Please return exactly the lines from the beginning of the listing up to and including the line with "ÈÄÆøÇ³À¸·Î ÀÎÇØ ±¤ÁÖ½ÃÀå", with no pictures.

* **Supplied information**:
******

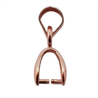 Add a warm, modern touch to your pendants with this 6x15mm rose gold pinch bail. Designed for top-drilled beads and pendants, it provides a secure and elegant way to suspend your focal piece without the need for glue.
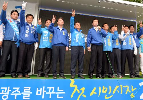 »õÁ¤Ä¡¹ÎÁÖ¿¬ÇÕ ÅÔ¹çÀÎ ±¤ÁÖ´Â Àü·«°øÃµ ÈÄÆøÇ³À¸·Î ÀÎÇØ ±¤ÁÖ½ÃÀå ¼±°ÅÀüÀÌ »ç»ó ÃÊÀ¯ÀÇ Á¢Àü¾ç»óÀ» º¸À̰í ÀÖ´Â ¹Ý¸é, ´ëºÎºÐÀÇ ¼±°Å±¸´Â »õÁ¤Ä¡¿¬ÇÕÀÇ ¾Ð½ÂÀÌ ¿¹»óµÇ°í ÀÖ´Ù.
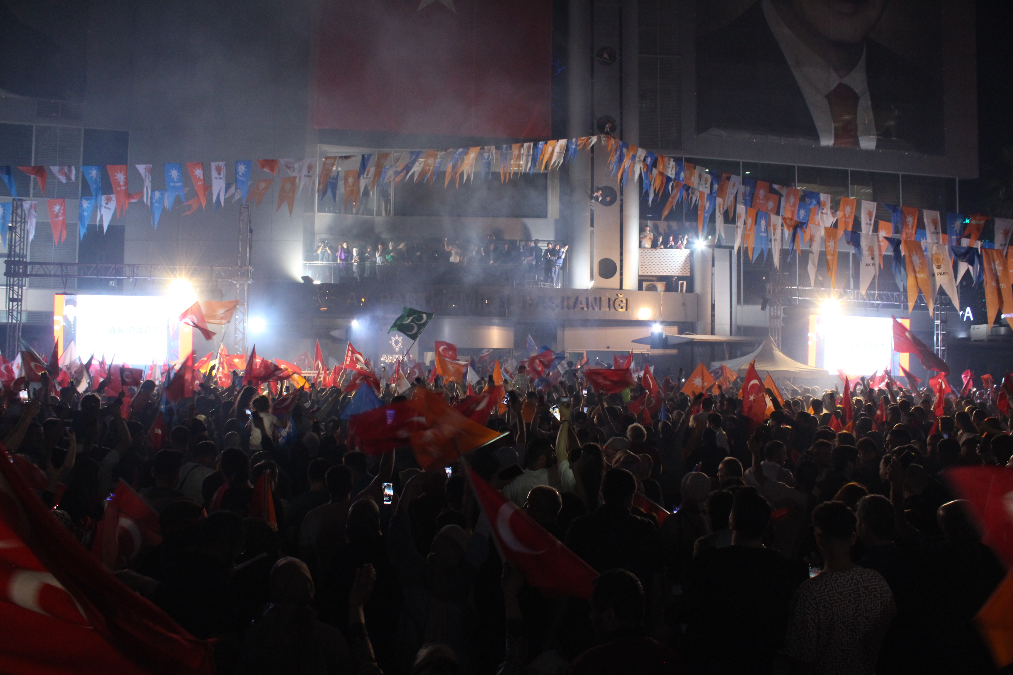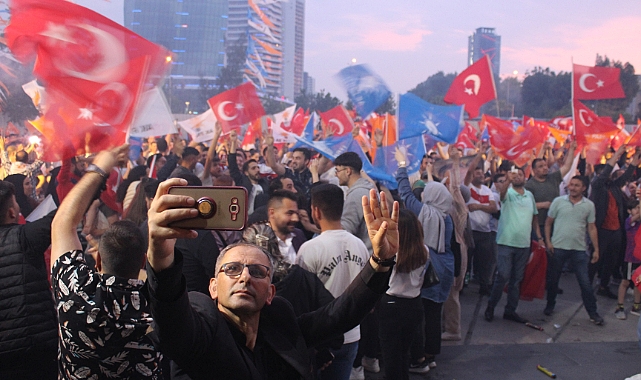 Çiğdem CANPOLAT - Resmi olmayan sonuçlara göre 13’ncü cumhurbaşkanı yeniden Recep Tayyip Erdoğan seçildi. Cumhurbaşkanı Erdoğan seçim sonrası Ankara'ya doğru yola çıkmadan önce gelen vatandaşlara seslendi. Erdoğan'ın açıklamaları sonrası ak parti İzmir İl Başkanlığı önünde toplanan vatandaşlar kutlamaya yapmaya başladı.Cumhurbaşkanının zafer konuşması sonrası ise AK Parti İzmir İl Başkanı Bilal Saygılı, HÜDAPAR ve BBP İzmir İl Başkanı parti binasında bulunan balkondan kutlamaya gelen vatandaşlara seslendi.

******

* **Answer for this exercise**:
 Add a warm, modern touch to your pendants with this 6x15mm rose gold pinch bail. Designed for top-drilled beads and pendants, it provides a secure and elegant way to suspend your focal piece without the need for glue.
 »õÁ¤Ä¡¹ÎÁÖ¿¬ÇÕ ÅÔ¹çÀÎ ±¤ÁÖ´Â Àü·«°øÃµ ÈÄÆøÇ³À¸·Î ÀÎÇØ ±¤ÁÖ½ÃÀå ¼±°ÅÀüÀÌ »ç»ó ÃÊÀ¯ÀÇ Á¢Àü¾ç»óÀ» º¸À̰í ÀÖ´Â ¹Ý¸é, ´ëºÎºÐÀÇ ¼±°Å±¸´Â »õÁ¤Ä¡¿¬ÇÕÀÇ ¾Ð½ÂÀÌ ¿¹»óµÇ°í ÀÖ´Ù.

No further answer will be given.